I had a dream this morning I was playing Europa (the WW II mega board game), which was kind of odd, because I haven't played it since maybe 1991; but the even weirder part is that it's the second time this week I have dreamt I was playing it.

I don't even have a copy of any game in the series anymore. So I took this as a sign that I might want to play some serious large scale hex and counter wargaming, and thus, did a search on Ebay to find a copy of one of the Europa series of games. Being as how they are massive games, I was pretty happy when I found a few copies of some titles in the series really reasonably priced, and even a little surprised when I found some copies at right around their list price from back in the day.

I ran through three variations on the search to make certain I could net the greatest number of results- Europa, GRD and GDW (the latter two being the companies that produced the game). None of the searches were perfect, each came back with a variety of results for things I wasn't looking for- Fortress Europa (a fine game in it's own right), GRD apparently did get around to publishing their Pacific/East Asian version of the game, and a First World War game too.

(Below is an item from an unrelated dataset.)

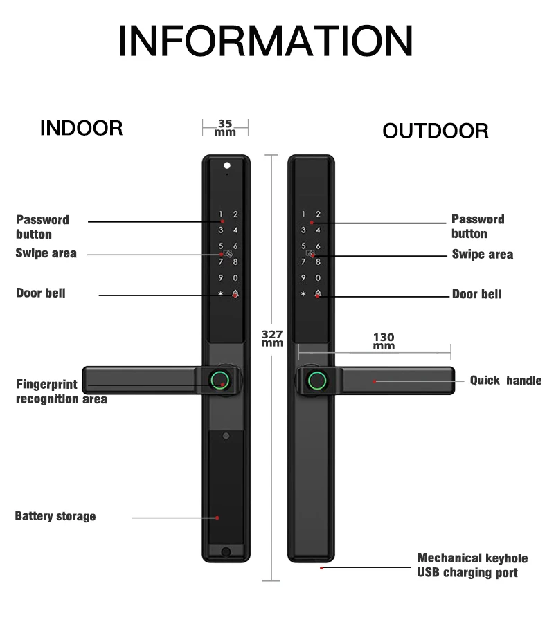 Door opening method: Unlocking is required for both indoor and outdoor unlocking

I was surprised though by two things though when I did the GDW search. First, Frank Chadwick's name is attached to a whole lot of games I played when I was young and second, and possibly related, is that I played a lot more GDW stuff than I ever really realized. Traveller was my first non-D&D RPG, and while I didn't play it a lot (I didn't own the game), I have pretty fond memories of it. GDW's “Tet Offensive” and “Stand & Die: The Battle of Borodino 1941” taunted younger me from the shelves at Twilight book and Game because they looked awesome and I couldn't reasonably afford them with my 1991 salary. Command Decision was the first miniatures wargame I ever owned. Dragon Magazine insured that I would purchase and play “Twilight:2000”, it's numerous accessories and, eventually, it's second edition (and it's 2.5 edition); to this day it's the best game I never played enough of. “The Blue Max” was pretty much a guarantee for playing with my best friend Darryl's dad (Big Darryl) because of our “Dawn Patrol” addiction. “Space 1889” was maybe the coolest RPG I never bought or played, it's on my bucket list. They published Gary Gygax's “Dangerous Journeys”, which was kind of ballsy considering the vindictive giant that TSR was at the time. I read Challenge magazine after I stopped reading Dragon. I remember playing “Air Superiority” with Big Darryl too.


This is just a list of GDW products that I spotted reading through 3/4s of a page on an Ebay search. I am sure there would be more if I found an actual catalog and looked through it.

edit- it turns out that wikipedia has a list of their games here and it is even more of a trip down memory lane- "Harpoon", "En Garde" and more.